Dennis, who ran amuck at the literary society of his day, falls foul of poor Steele, and thus depicts him:-"Sir John Edgar, of the county of in Ireland, is of a middle stature, broad shoulders, thick legs, a shape like the picture of somebody over a farmer's chimney—a short chin, a short nose, a short forehead, a broad flat face, and a dusky countenance. Yet with such a face and such a shape, he discovered at sixty that he took himself for a beauty, and appeared to be more mortified at being told that he was ugly, than he was by any reflection made upon his honor or understanding.

"He is a gentleman born, witness himself, of very honorable family; certainly of a very ancient one, for his ancestors flourished in Tipperary long before the English ever set foot in Ireland. He has testimony of this more authentic than the Herald's Office, or any human testimony. For God has marked him more abundantly than he did Cain, and stamped his native country on his face, his understanding, his writings, his actions, his passions, and, above all, his vanity. The Hibernian brogue is still upon all these, though long habit and length of days have worn it off his tongue."

Although this portrait is the work of a man who was neither the friend of Steele nor of any other man alive, yet there is a dreadful resemblance to the original in the savage and exaggerated traits of the caricature, and everybody who knows him must recognize Dick Steele. (Dick set about almost all the undertakings of his life with inadequate means, and, as he took and furnished a house with the most generous intentions towards his friends, the most tender gallantry towards his wife, and with this only drawback, that he had not wherewithal to pay the rent when quarter-day came, so, in his life he proposed to himself the most magnificent

schemes of virtue, forbearance, public and private good, and the advancement of his own and the national religion; but when he had to pay for these articles - so difficult to purchase and so costly to maintain poor Dick's money was not forthcoming: and when Virtue called with her little bill, Dick made a shuffling excuse that he could not see her that morning, having a headache from being tipsy over-night; or when stern Duty rapped at the door with his account, Dick was absent and not ready to pay. He was shirking at the tavern; or had some particular business (of somebody's else) at the ordinary: or he was in hiding, or worse than in hiding, in the lock-up house.) What a situation for a man! for a philanthropist for a lover of right and truth-for a magnificent designer and schemer! Not to dare to look in the face the Religion which he adored and which he had offended: to have to shirk down back lanes and alleys, so as to avoid the friend whom he loved and who had trusted him; to have the house, which he had intended for his wife, whom he loved passionately, and for her ladyship's company which he wished to entertain splendidly, in the possession of a bailiff's man; with a crowd of little creditors, grocers, butchers, and small-coal men-lingering round the door with their bills and jeering at him.

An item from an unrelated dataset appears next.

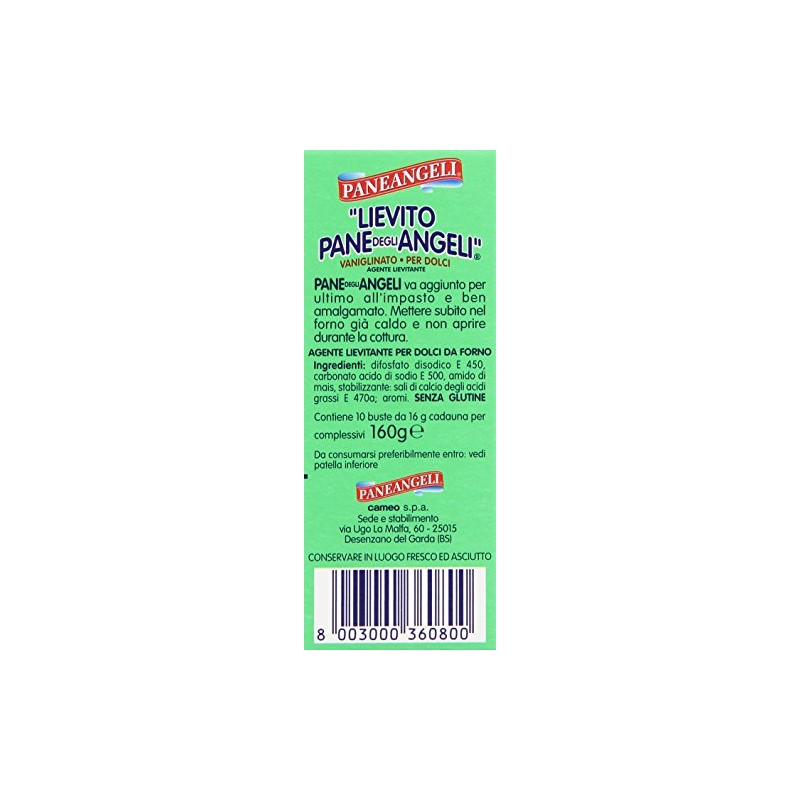 10 (16gr) packets | Translated into English, il Lievito Pane Degli Angeli means "the yeast bread of angels" - and was developed by the company Paneangeli. It is a leavening agent with vanilla for making cakes.

Alas! for poor Dick Steele! For nobody else, of course. There is no man or woman in our time who makes fine projects and gives them up from idleness or want of means. When Duty calls upon us, we no doubt are always at home and ready to pay that grim tax-gatherer. When we are stricken with remorse and promise reform, we keep our promise, and are never angry, or idle, or extravagant any more. There are no chambers in our hearts, destined for family friends and actions, and now occupied by some Sin's emissary and bailiff in possession. There are no little sins, shabby peccadilloes, importunate remembrances, or disappointed holders of our promises to reform, hovering at our steps, or knocking at our door! Of course not. We are living in the nineteenth century; and (poor Dick Steele stumbled and got up again, and got into jail and out again, and sinned and repented, and loved and suffered, and lived and died, scores of years ago. Peace be with him! Let us think gently of one who was so gentle: let us speak kindly of one whose own breast exuberated with human kindness.

« PředchozíPokračovat »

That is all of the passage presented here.